_Task objective:_ What you return must match the listing exactly, with every image removed.

_Data below:_
----

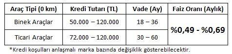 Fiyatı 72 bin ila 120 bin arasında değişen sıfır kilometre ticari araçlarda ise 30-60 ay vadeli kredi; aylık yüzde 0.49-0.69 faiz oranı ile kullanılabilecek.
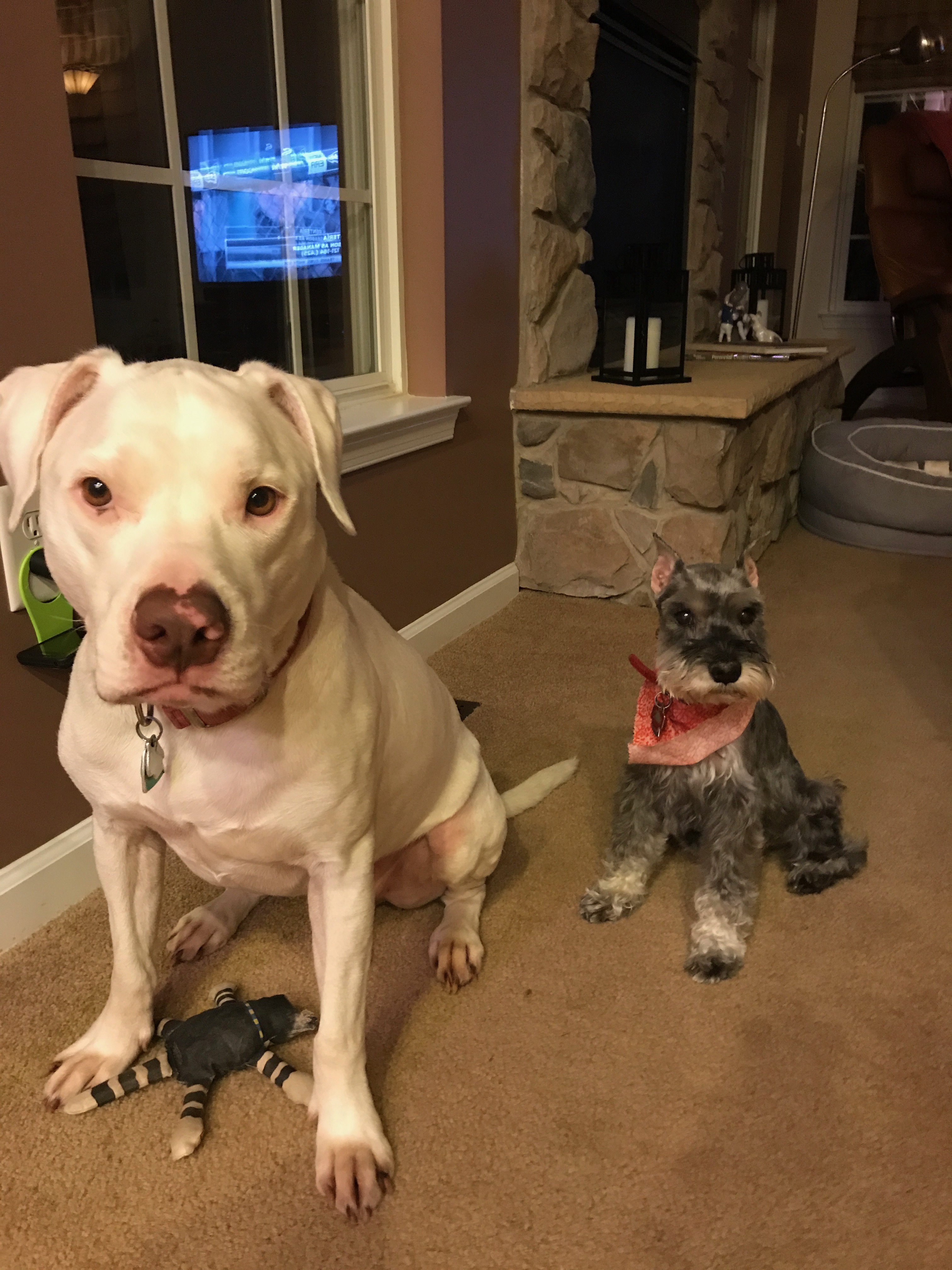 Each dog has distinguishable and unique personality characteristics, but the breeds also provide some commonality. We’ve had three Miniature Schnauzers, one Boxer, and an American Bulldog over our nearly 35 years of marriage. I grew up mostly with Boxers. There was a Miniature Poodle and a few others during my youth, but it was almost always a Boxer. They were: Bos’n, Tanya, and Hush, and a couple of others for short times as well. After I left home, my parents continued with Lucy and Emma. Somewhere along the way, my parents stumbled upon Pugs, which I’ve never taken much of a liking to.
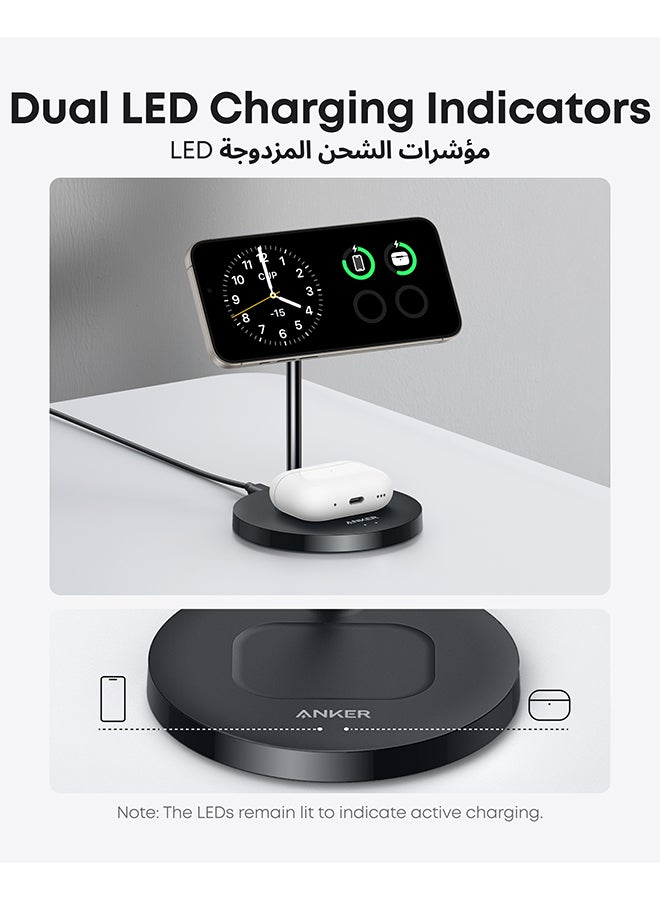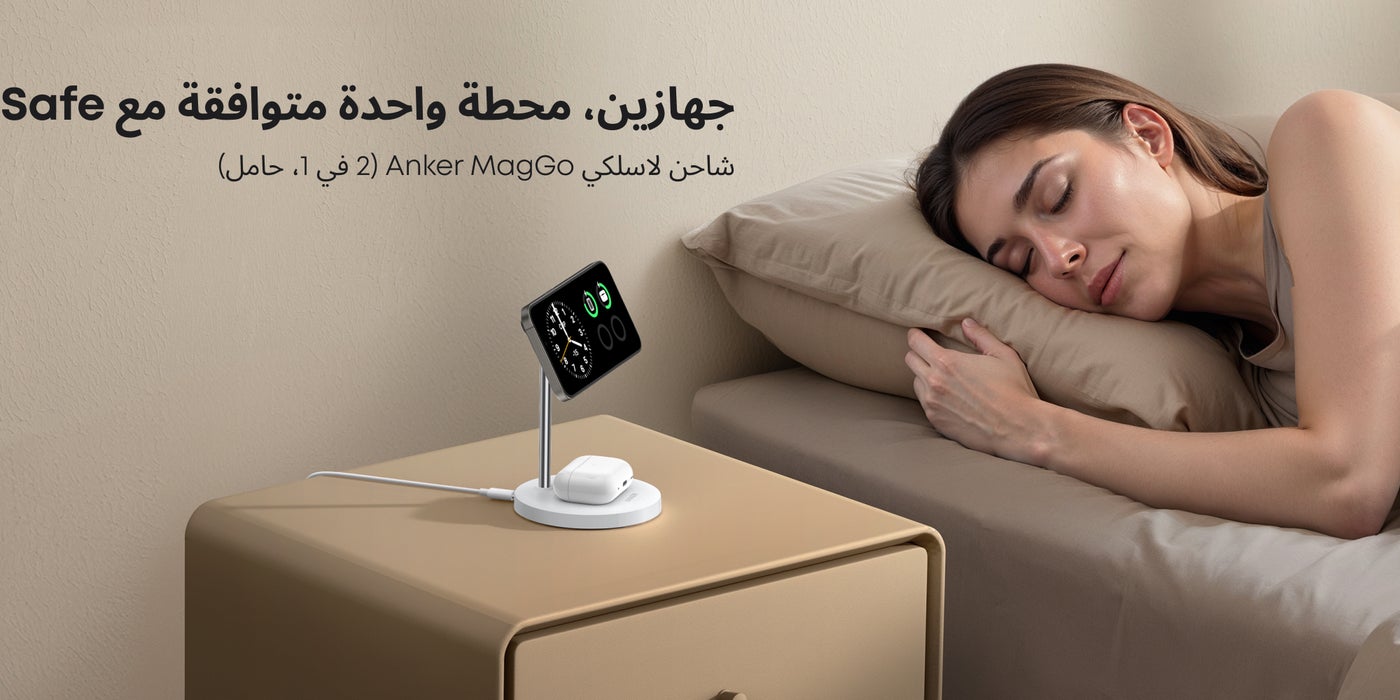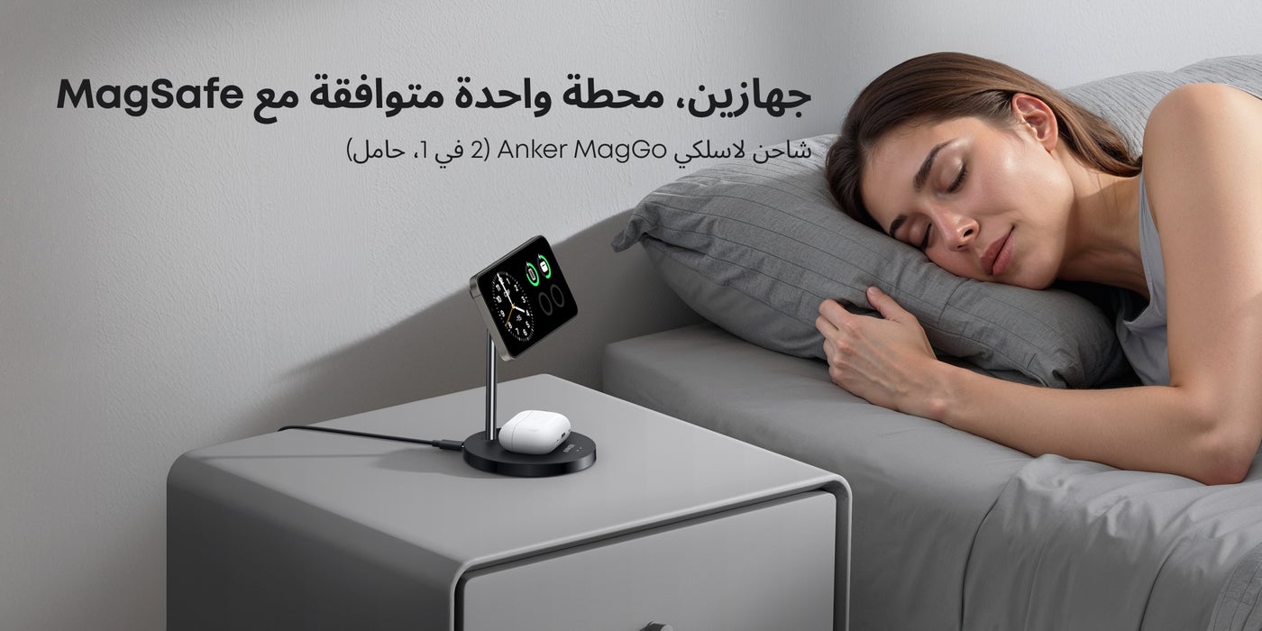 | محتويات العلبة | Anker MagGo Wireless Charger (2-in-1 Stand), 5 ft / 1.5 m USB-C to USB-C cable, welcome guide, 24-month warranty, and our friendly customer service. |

----

_Result of this task:_
 Fiyatı 72 bin ila 120 bin arasında değişen sıfır kilometre ticari araçlarda ise 30-60 ay vadeli kredi; aylık yüzde 0.49-0.69 faiz oranı ile kullanılabilecek.
 Each dog has distinguishable and unique personality characteristics, but the breeds also provide some commonality. We’ve had three Miniature Schnauzers, one Boxer, and an American Bulldog over our nearly 35 years of marriage. I grew up mostly with Boxers. There was a Miniature Poodle and a few others during my youth, but it was almost always a Boxer. They were: Bos’n, Tanya, and Hush, and a couple of others for short times as well. After I left home, my parents continued with Lucy and Emma. Somewhere along the way, my parents stumbled upon Pugs, which I’ve never taken much of a liking to.
 | محتويات العلبة | Anker MagGo Wireless Charger (2-in-1 Stand), 5 ft / 1.5 m USB-C to USB-C cable, welcome guide, 24-month warranty, and our friendly customer service. |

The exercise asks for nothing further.